Our study found that the proportion of mediation by the mediator (individual antioxidant micronutrients) for the association between DTAC and mortality varied considerably in the two cohorts. Moreover, the VCEAC indices are likely more relevant to the projections for CVD mortality. The nature of the methodology may partly explain the heterogeneity in the study results. The VCEAC indices exhibit a more equalized proportion distribution in individual antioxidant micronutrients, although they did not cover the antioxidant capacity of minerals (magnesium, selenium, and zinc). The balanced mediation proportion indicated that DTAC was contributed by multiple sources of antioxidants. The most significant contributor was magnesium intake in the CDAI indices, accounting for 55.94% of the total antioxidant intake. Of note is that observational studies have shown that lower serum magnesium levels are associated with poorer survival in CKD cohorts [53–55]. In contrast, the VCEAC cohort was more equally balanced in interpreting the role of individual antioxidant micronutrients. Thus, DTAC is needed to further rigorous scientific evaluation strategies.

The major strength of our study is the use of the two most common methods (VCEAC and CDAI) to comprehensively evaluate the complex relations of DTAC with all-cause mortality and CVD mortality. The association between DTAC and all-cause mortality was consistent in the VCEAC and CDAI cohorts from well-established NHANES datasets. In addition, we also conducted subgroup and sensitivity analyses and mediation analyses to show the robustness of the findings and evaluated individual antioxidant micronutrients. Nevertheless, our study also has several limitations. First, data regarding dietary total antioxidant intake were assessed by questionnaires. Therefore, recall bias may lead to inaccuracy. Furthermore, due to some missing ICD-10 codes, underestimating cardiovascular death events can increase the chance of type II errors. Finally, this study performed post hoc and exploratory subgroup analyses without a priori sample size calculations and should therefore be interpreted cautiously.

Conclusions

Our study suggests that moderate dietary total antioxidant intake may have beneficial effects on patients with earlier stages of CKD. However, further evidence is needed to determine the impact on patients with advanced stages of CKD.

Ethical approval

The ethical approval are available in NHANES-NCHS Research Ethics Review Board Approval (www.cdc.gov/nchs/nhanes/irba98.htm).

Supplementary Material

Supplemental Material

Funding Statement

This study was funded by the National Science Foundation of China (No. 81973776, and No. 82174316), the Young Elite Scientists Sponsorship Program by CAST (CACM-2021-QNRC2-B30), Natural Science Foundation of Guangdong Province/Guangzhou City (2023A1515030146,2021A1515011457 and 202102080228) and Guangzhou Science and Technology Project (202206080015), National Clinical Research Base of Traditional Chinese Medicine (No. [2018]131).
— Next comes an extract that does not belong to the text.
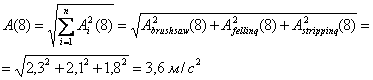 Обрезка сучьев от ствола каждого упавшего дерева занимает в среднем 4 мин, т.е. всего 2 ч для 30 деревьев. Уровень вибрации непостоянен (есть участки роста и понижения в зависимости от обрезаемой ветки), поэтому для получения представительного интервала для данной операции было проведено усреднение в течение большого интервала времени. Средний уровень вибрации для операции обрезки составил 3,6 м/с2. Долю данной операции Astrippinq(8) рассчитывают по формуле (3):
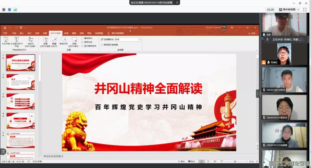 会议伊始,由张瑞红老师对党史学习教育的重要性进行讲解,并以井冈山精神产生的背景;井冈山精神的科学内涵;三大纪律、六项注意的诞生;井冈山精神的现实意义这四个部分对井冈山精神进行了深入讲解。坚定信念、艰苦奋斗、实事求是、敢闯新路、依靠群众、勇于胜利,作为中国共产党在革命斗争的艰苦岁月中形成的伟大精神和马克思主义中国化的理论结晶,井冈山精神集中反映了中国共产党的优良传统和作风,有着极为丰富深邃的精神内涵。而后,由王云霄、张增两位党员同志发表了此次会议学的感悟,至此本次会议圆满结束。

National Natural Science Foundation of China Youth Project (82205236).

Author contributions

L.Y. and L.G.C. conducted the literature search and drafted the manuscript. N.R.B., N.S.H., and S.S.N. performed data and statistical analysis. L.X., D.J.P., OY.X.L., and L.J. assisted with literature search and manuscript editing. L.L. contributed to study design, grant submission, data analysis, and manuscript editing. W.L.J., X.S.X., and T.C.Y. participated in the revisions. All authors reviewed and provided feedback on previous versions of the manuscript. All authors have read and approved the published version.

Disclosure statement

No potential conflict of interest was reported by the author(s).

Data availability statement

The data that support the findings of this study are openly available in NHANES at http://www.cdc.gov/nhanes. Additional data are available from the corresponding author on reasonable request.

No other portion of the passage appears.